Using the Adobe Photoshop CS4 Histogram Panel
- Understanding the Histogram
- Achieving Optimal Contrast
- Preventing Blown-Out Highlights and Plugged-Up Shadows
- Avoiding Posterization
Understanding the Histogram
Used properly, the histogram that's displayed behind the curve in Photoshop's Curves dialog can help you to make sure that your adjustments don't get out of control and end up harming your images instead of improving them. The Histogram panel (see Figure 1) also can help you to ensure that you don't push your edits and adjustments too far. To display the Histogram panel, choose Window > Histogram.
Figure 1 The Histogram panel.
A histogram is a simple bar graph that shows the range of brightness levels that make up an image and the prevalence of each of these shades. When you look at the histogram, imagine that a gradient is stretched across the bottom of the bar graph, with black on the left and white on the right (see Figure 2). If the histogram shows a bar above a particular shade of gray, that shade is used somewhere in the image. If there's no bar, that brightness level isn't used in that image. The height of the bar indicates how prevalent a particular brightness level is, compared to the others that make up the image.
Figure 2 Imagine a gradient at the bottom of the Histogram panel.
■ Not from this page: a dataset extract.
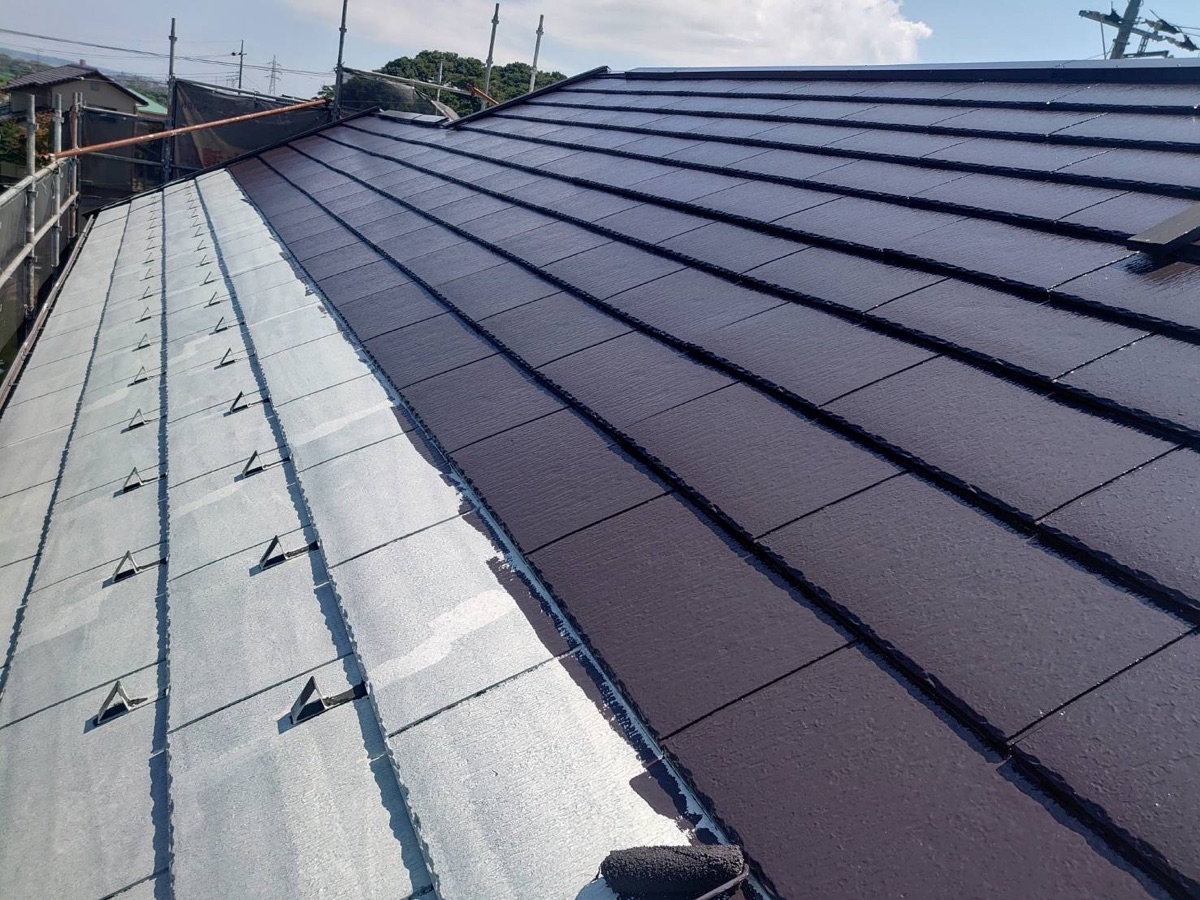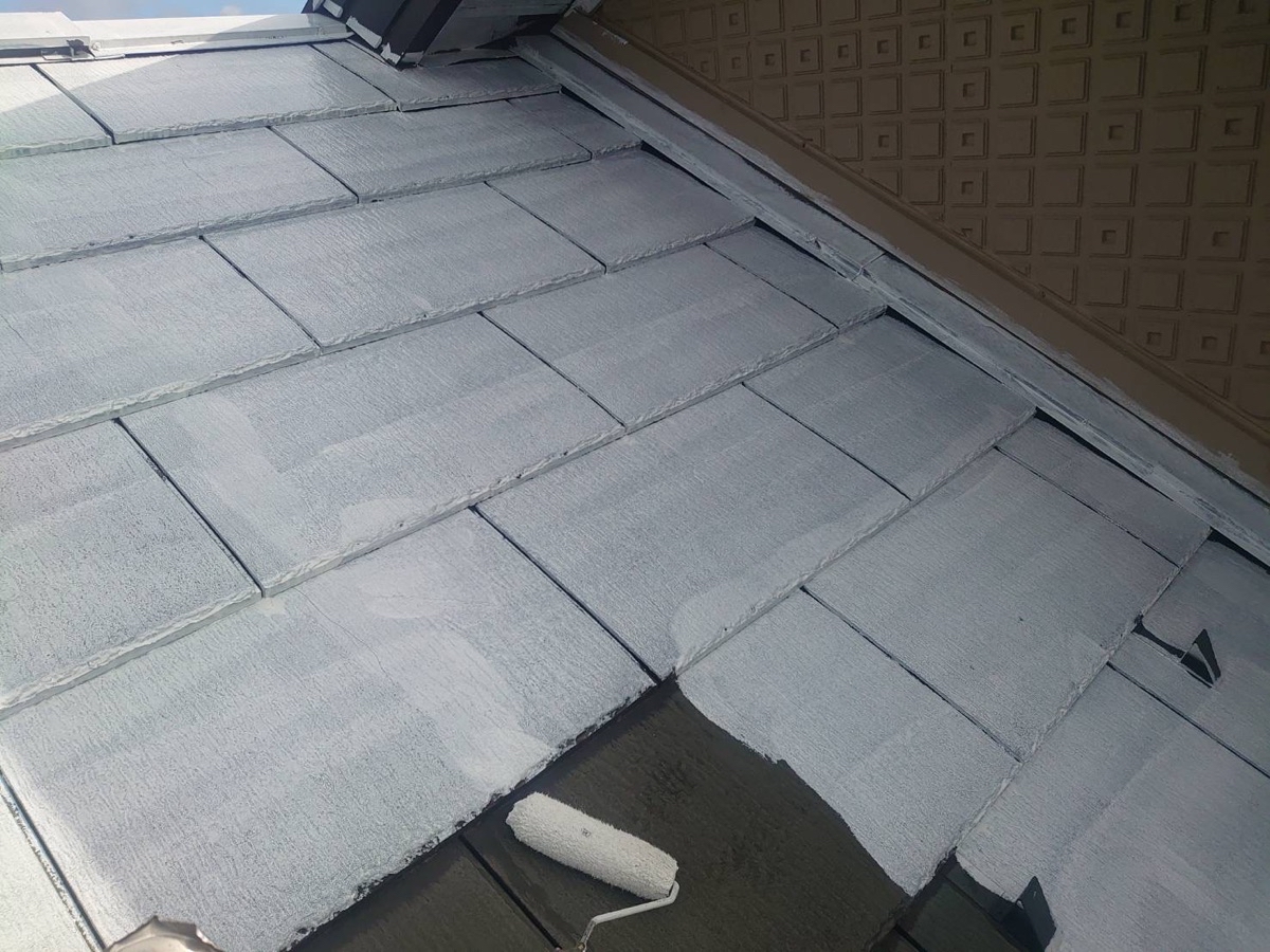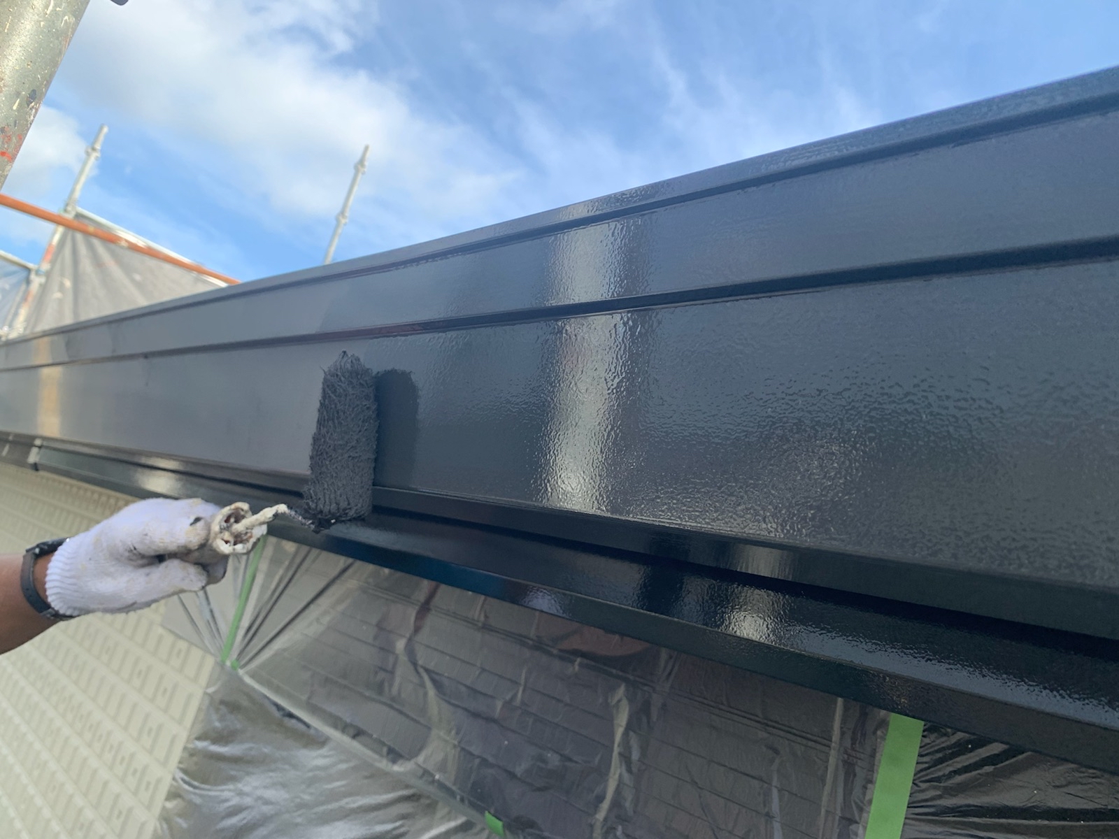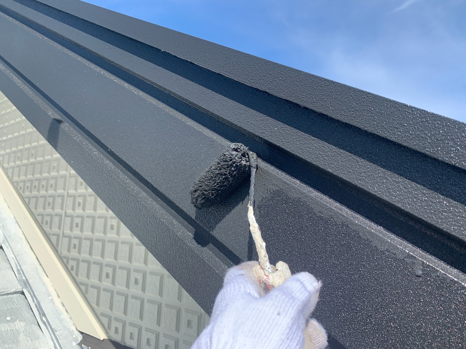 上塗りです。4Fフッ素の優れた耐候性を有し、屋根の色彩 ・光沢を長期間保つ遮熱塗料「スーパーシャ ネツサーモF」で施工しました。

The Histogram panel includes a bonus. When you start to adjust an image, the Histogram panel overlays a histogram that represents the current, adjusted state of the image (black) above the original histogram that shows what the image looked like before you started adjusting it (gray), as shown in Figure 3.
Figure 3 The gray histogram reflects the unadjusted image; the black version reflects the adjusted image.